An acclimatory signature from hemolymph and preparative gene expression after lifespan exposure to ocean acidification
Samuel J. Gurr1, Katherine McFarland2,#, Genevieve Bernatchez2, Mark S. Dixon2, Lisa Guy2, Lisa M. Milke2, Matthew E. Poach2, Deborah Hart3, Louis V. Plough4, Dylan H. Redman2, George Sennefelder2, Sheila Stiles2, Gary H. Wikfors2, Dianna K. Padilla5,#, Shannon L. Meseck2,#
Samuel J. Gurr1, Lisa Guy2, Gary Wikfors2, Yuan Liu2, Meghana Parkih2, Genevieve Bernachez2, Shannon L. Meseck2, Katherine McFarland2
1National Research Council Postdoctoral Associate at NOAA, National Marine Fisheries Service, Northeast Fisheries Science Center, 212 Rogers Avenue, Milford, CT 06460, USA
2NOAA, National Marine Fisheries Service, Northeast Fisheries Science Center, 212 Rogers Avenue, Milford, CT 06460, USA
ABSTRACT (drafting)
Resistance to coastal acidification has a basis in cell physiology that is influenced by both “historical” conditions experienced by the population and those in which the individual organism develops. A developmental “mismatch”, sensu Gluckman (2019), is a contrast between the resulting phenotype of an individual and that which otherwise confers optimal responses (fitness) under a different environment post-development.
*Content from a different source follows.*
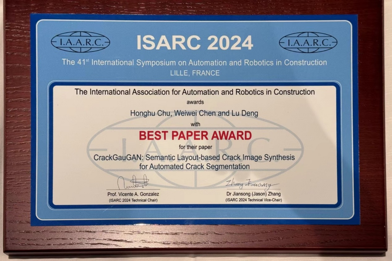 6月3日-5日,第41届国际建筑自动化和机器人国际研讨会(ISARC,International Symposium on Automation and Robotics in Construction)在法国里尔召开,公司邓露教授团队受邀做大会主旨报告。本次大会共评选12篇优秀论文,邓露教授团队2篇论文被评选为优秀论文,其中一篇获得大会唯一“最佳论文奖”。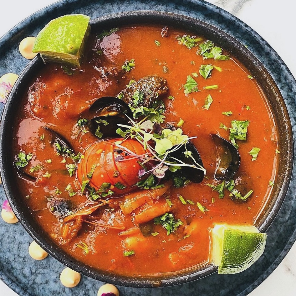 Cremoso caldo de mariscos y especies caribeñas.

We experimentally produced adult northern bay scallops, Argopecten irradians, with three pCO2 lineages: one with a two generations in moderate pCO2, one with two generations in low pCO2, and a third consisting of low-pCO2 scallops raised for one generation under high acidification. Adults were exposed to matched and mismatched pCO2 to elucidate signatures of habituation from cytological and molecular traits. Inner mitochondrial transmembrane potential (ΔΨm) was greater by OA habituated scallops independent of pCO2 change. Naive hemocytes were reduced yet with increased ΔΨm under novel pCO2 elevation, suggesting OA-induced apoptosis is linked to reduced mitochondrial integrity. Gene expression reaction norms included constitutive and activated transcription my habituated scallops under pCO2 change, and functions included protein repair and mitochondrial uncoupling, respectively.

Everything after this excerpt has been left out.